The Church of England has been praised for criticising working practices at Sports Direct, despite holding a stake in the high street chain.

The Church Commissioners, which manages its £7.9bn investment fund, attacked the retailer in a series of letters, the Press Association reported.

Unite, which highlighted "Victorian" conditions at the company's Derbyshire warehouse, said it shared the concerns.

Sports Direct said it had addressed the "historic issues".

The Church of England still holds a minority stake in tycoon Mike Ashley's chain, the BBC understands, but continues to engage over key areas of concern.

A spokesman confirmed it sent letters to Sports Direct attacking executive pay and working conditions.

The letters were sent over the last two years, when Sports Direct was dealing with union claims of not treating workers as humans at the Shirebrook headquarters, according to the Press Association.

Image copyright PA
Image caption Conditions at the firm's Shirebrook warehouse have been compared with those of a Victorian workhouse

The Church Commissioners voted against the re-election of both chairman, Keith Hellawell, and chief executive, Mr Ashley, at the group's 2017 AGM.

Mr Hellawell was re-elected despite 47% of independent shareholders opposing the move.

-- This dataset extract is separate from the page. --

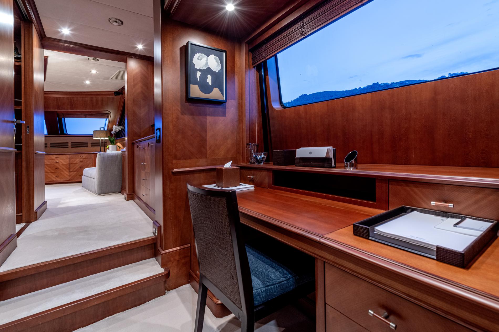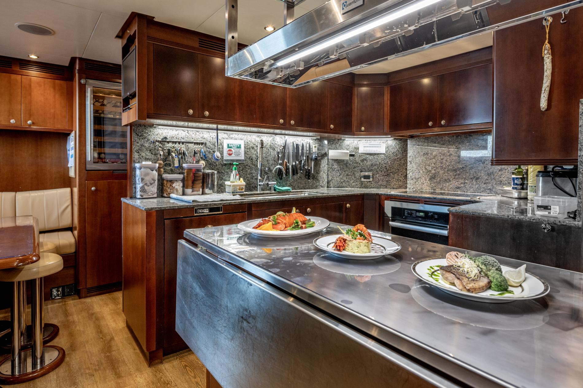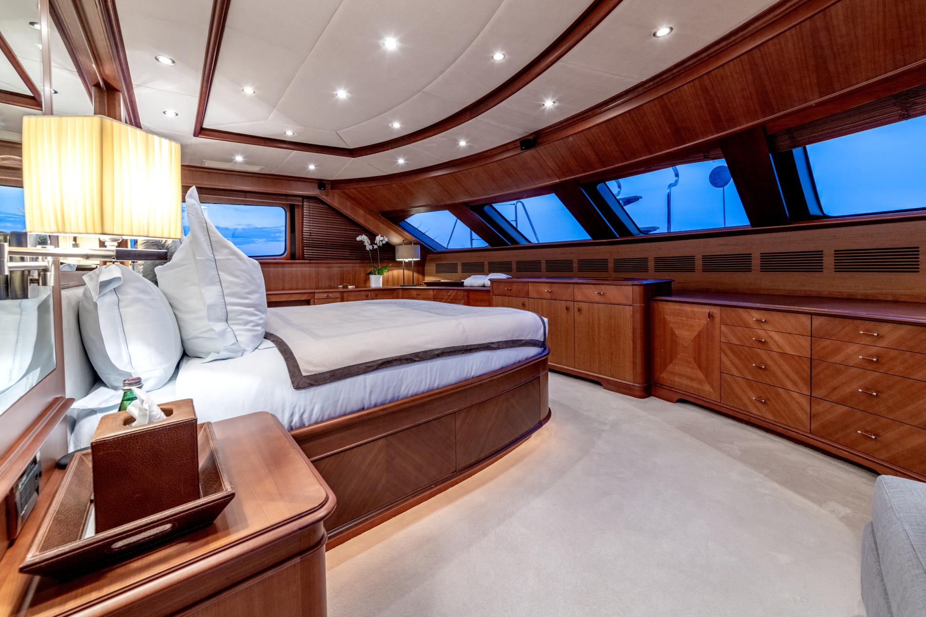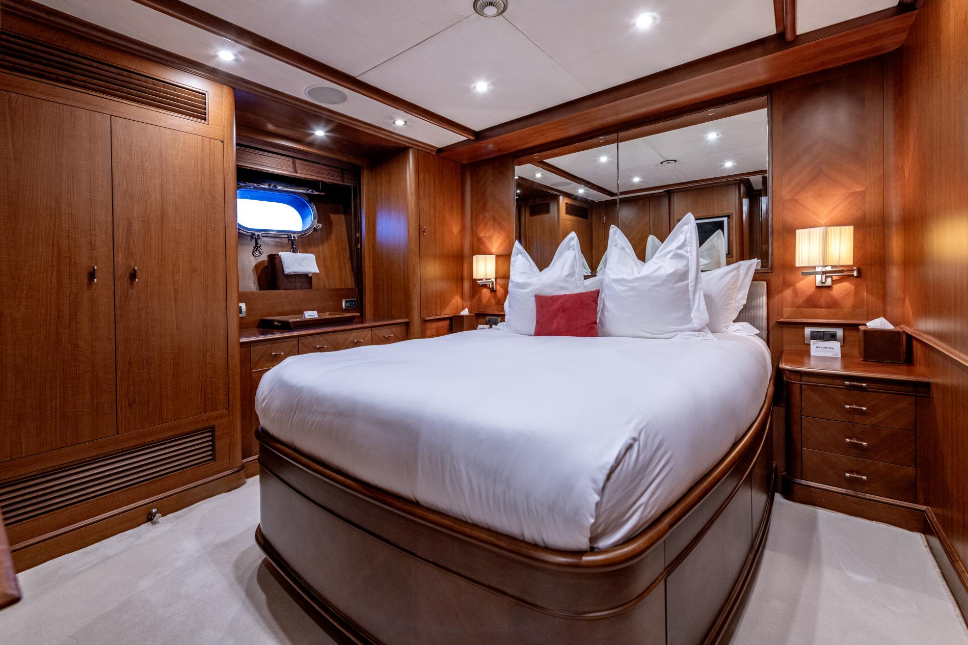 Sea BlueZ accommodates up to 10 guests in five en suite cabins. The main deck master suite faces forward and features a pop-up television, steam shower, and walk-in wardrobe. Two VIP cabins and two twins (one with a Pullman berth) are located on the lower deck.

The Church also voted against an £11m back-payment to Mr Ashley's brother John Ashley.

It supported union calls for an independent review of working practices and corporate governance.

Unite praised the Church's criticisms, saying: "All too often we see shareholders being too passive but it can have reputational consequences."

Image copyright Getty Images

The Church of England's ethical investment policy dictates that all investments should be compatible with Christian values and recommends against investment in companies which

  • make more than 3% of their income from pornography
  • 10% from military products and services
  • 25% from other industries such as gambling, alcohol and high interest rate lenders

However, in 2013 it emerged it had invested indirectly in payday loan firm Wonga.

Sports Direct said many of these "historic issues" had been addressed at September's AGM.

"We note that under its 2018 voting policy the Church will not back members of nomination committees where less than 25% of the board are women," the statement said.

"We recognise the value and need for female representation on the board, and we are taking steps to address this."